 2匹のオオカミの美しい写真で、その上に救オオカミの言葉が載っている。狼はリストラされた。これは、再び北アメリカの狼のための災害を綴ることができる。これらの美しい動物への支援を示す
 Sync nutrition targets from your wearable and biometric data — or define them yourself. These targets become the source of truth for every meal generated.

■ ■ ■

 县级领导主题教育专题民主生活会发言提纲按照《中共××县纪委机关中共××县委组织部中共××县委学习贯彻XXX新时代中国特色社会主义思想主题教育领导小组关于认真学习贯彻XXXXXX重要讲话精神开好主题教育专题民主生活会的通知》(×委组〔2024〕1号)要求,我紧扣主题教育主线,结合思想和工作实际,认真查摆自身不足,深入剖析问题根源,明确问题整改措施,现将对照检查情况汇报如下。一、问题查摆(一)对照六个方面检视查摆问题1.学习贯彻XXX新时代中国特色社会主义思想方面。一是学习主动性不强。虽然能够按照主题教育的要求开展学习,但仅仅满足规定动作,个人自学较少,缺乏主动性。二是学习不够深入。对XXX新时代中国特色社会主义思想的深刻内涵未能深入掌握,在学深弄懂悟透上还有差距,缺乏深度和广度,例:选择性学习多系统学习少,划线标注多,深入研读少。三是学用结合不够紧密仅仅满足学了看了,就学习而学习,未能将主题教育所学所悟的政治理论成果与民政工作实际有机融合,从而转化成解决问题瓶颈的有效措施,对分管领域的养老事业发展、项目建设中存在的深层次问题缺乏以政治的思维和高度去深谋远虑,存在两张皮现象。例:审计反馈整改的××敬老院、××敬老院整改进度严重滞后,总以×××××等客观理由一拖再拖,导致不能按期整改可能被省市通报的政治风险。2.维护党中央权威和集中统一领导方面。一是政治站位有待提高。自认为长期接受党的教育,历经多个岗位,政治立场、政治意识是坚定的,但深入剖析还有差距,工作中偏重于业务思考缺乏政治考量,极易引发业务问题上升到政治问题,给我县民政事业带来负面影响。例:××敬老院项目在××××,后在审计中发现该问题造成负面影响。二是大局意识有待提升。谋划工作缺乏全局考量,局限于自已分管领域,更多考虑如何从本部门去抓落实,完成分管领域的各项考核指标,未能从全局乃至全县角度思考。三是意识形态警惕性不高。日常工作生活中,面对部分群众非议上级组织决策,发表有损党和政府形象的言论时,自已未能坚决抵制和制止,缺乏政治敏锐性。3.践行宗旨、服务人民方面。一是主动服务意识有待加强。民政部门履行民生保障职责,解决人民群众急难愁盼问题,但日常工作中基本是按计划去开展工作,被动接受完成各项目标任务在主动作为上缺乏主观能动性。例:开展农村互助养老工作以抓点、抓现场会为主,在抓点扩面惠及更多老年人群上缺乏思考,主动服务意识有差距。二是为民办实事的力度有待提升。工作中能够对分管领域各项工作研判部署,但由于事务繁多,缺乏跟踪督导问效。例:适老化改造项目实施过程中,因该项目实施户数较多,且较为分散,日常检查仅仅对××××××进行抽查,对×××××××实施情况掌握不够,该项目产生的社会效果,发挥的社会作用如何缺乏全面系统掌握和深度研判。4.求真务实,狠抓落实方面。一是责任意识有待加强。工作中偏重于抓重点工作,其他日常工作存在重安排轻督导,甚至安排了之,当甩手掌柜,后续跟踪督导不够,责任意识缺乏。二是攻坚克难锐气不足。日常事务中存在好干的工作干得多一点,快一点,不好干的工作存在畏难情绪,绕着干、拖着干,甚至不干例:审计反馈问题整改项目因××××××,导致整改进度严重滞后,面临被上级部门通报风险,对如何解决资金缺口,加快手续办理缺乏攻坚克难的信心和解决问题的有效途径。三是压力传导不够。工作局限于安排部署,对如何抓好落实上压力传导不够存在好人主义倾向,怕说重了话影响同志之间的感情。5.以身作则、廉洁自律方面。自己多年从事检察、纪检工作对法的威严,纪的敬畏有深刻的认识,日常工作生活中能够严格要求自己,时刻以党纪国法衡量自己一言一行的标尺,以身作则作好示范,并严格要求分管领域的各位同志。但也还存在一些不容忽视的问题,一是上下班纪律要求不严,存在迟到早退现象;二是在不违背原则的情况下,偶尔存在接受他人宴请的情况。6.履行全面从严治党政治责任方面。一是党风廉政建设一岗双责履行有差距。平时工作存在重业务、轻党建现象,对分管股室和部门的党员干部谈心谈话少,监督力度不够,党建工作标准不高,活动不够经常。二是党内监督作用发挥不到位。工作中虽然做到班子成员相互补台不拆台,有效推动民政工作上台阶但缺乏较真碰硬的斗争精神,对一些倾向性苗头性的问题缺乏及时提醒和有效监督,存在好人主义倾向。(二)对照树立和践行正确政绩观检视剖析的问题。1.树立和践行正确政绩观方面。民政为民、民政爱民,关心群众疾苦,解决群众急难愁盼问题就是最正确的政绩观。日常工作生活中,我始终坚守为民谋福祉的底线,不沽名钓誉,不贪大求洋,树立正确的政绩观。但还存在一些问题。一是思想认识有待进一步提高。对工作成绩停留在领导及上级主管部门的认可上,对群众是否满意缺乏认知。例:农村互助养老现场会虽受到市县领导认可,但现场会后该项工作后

■ ■ ■

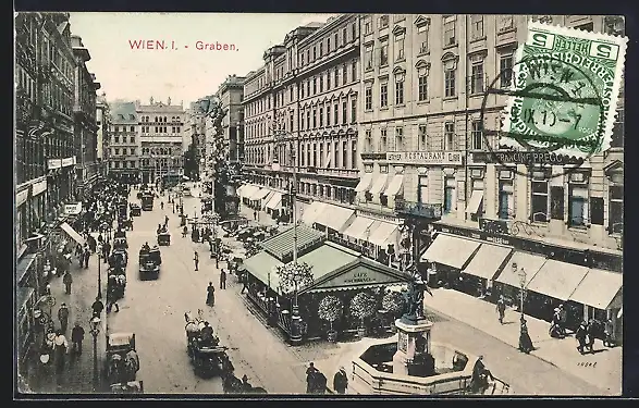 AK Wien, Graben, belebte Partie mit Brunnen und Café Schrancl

■ ■ ■

Would you output, from the records above, exactly the run of lines that starts at the line containing "2匹のオオカミの美しい写真で" and ends at the line containing "Sync nutrition targets", and only that run?

EXERCISE RESPONSE:
 2匹のオオカミの美しい写真で、その上に救オオカミの言葉が載っている。狼はリストラされた。これは、再び北アメリカの狼のための災害を綴ることができる。これらの美しい動物への支援を示す
 Sync nutrition targets from your wearable and biometric data — or define them yourself. These targets become the source of truth for every meal generated.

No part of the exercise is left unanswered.